November 2023
Conference papers accepted: FSTA
30/11/23/13:48 Filed in: Conference papers
O. Krídlo, D. López-Rodríguez, M. Ojeda-Aciego, M. Reformat. An FCA-based approach to RDF graphs. Fuzzy Sets Theory and Applications, FSTA, 2024.
ABSTRACT We investigate building a connection between RDF and FCA. The proposed approach transforms an RDF graph, where vertices represent objects of different types and edges represent relationships between these objects, into a series of bipartite graphs. It is achieved by separating edges representing specific relationships, resulting in a clear representation of the relationship of interest without clutter.

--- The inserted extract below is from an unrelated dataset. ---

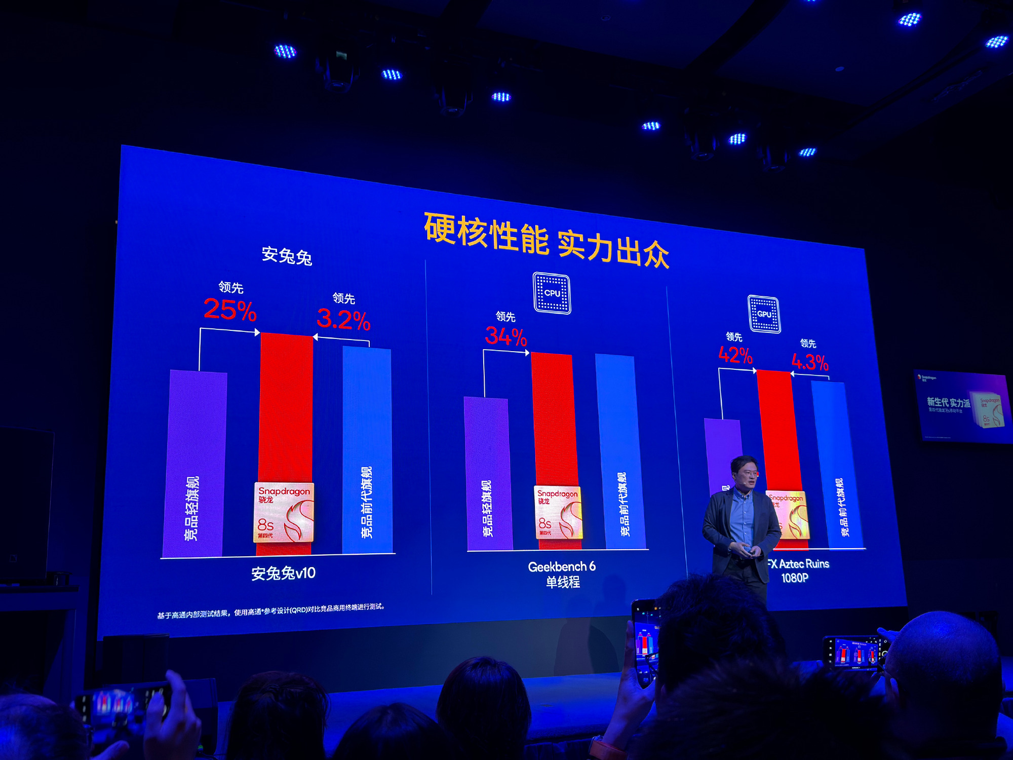 四、市场定位:性价比与体验的黄金平衡点骁龙 8s Gen4 通过 ARM 公版架构控制成本,在保持与骁龙 8 Gen3 相近性能的同时,价格下探至 2500 元档位。其 “旗舰功能下放” 策略直接冲击天玑 9400+、Exynos 2400 等竞品市场,迫使同价位机型在散热、续航或影像上进一步升级。对于追求均衡体验的消费者,搭载该芯片的机型将在性能、续航与功能全面性之间提供最优解。

To address this issue, we propose a bond-based construction of rigorous and benevolent compositions of bipartite graphs. These bipartite graphs are extracted from RDF graphs and combined—using the proposed construction—with external information related to the graphs' entities.
D. López-Rodríguez, M. Ojeda-Hernández, Á. Mora. Close-by-One strategy for computing the fuzzy concept lattice. Fuzzy Sets Theory and Applications, FSTA, 2024.
ABSTRACT We present the extension of CbO-like algorithms to a native fuzzy environment, without scaling, and combining the advantages of the different algorithms to obtain faster results with less computational load. The soundness of these algorithms is presented together with a comparison with existing strategies to show the improvement in both time, number of intents computed and number of tests performed.
Journal paper accepted: Fuzzy Sets and Systems
02/11/23/10:36 Filed in: Journal paper
M. Ojeda-Aciego, N. Madrid. Approaching the square of opposition in terms of the f-indexes of inclusion and contradiction. Fuzzy Sets and Systems.
ABSTRACT We continue our research line on the analysis of the properties of the f-indexes of inclusion and contradiction; in this paper, specifically, we show that both notions can be related by means of the, conveniently reformulated, Aristotelian square of opposition. We firstly show that the extreme cases of the f-indexes of inclusion and contradiction coincide with the vertexes of the Aristotelian square of opposition in the crisp case; then, we allocate the rest of f-indexes in the diagonals of the extreme cases and we prove that the Contradiction, Contrariety, Subcontrariety, Subalternation and Superalternation relations also hold between the f-indexes of inclusion and contradiction.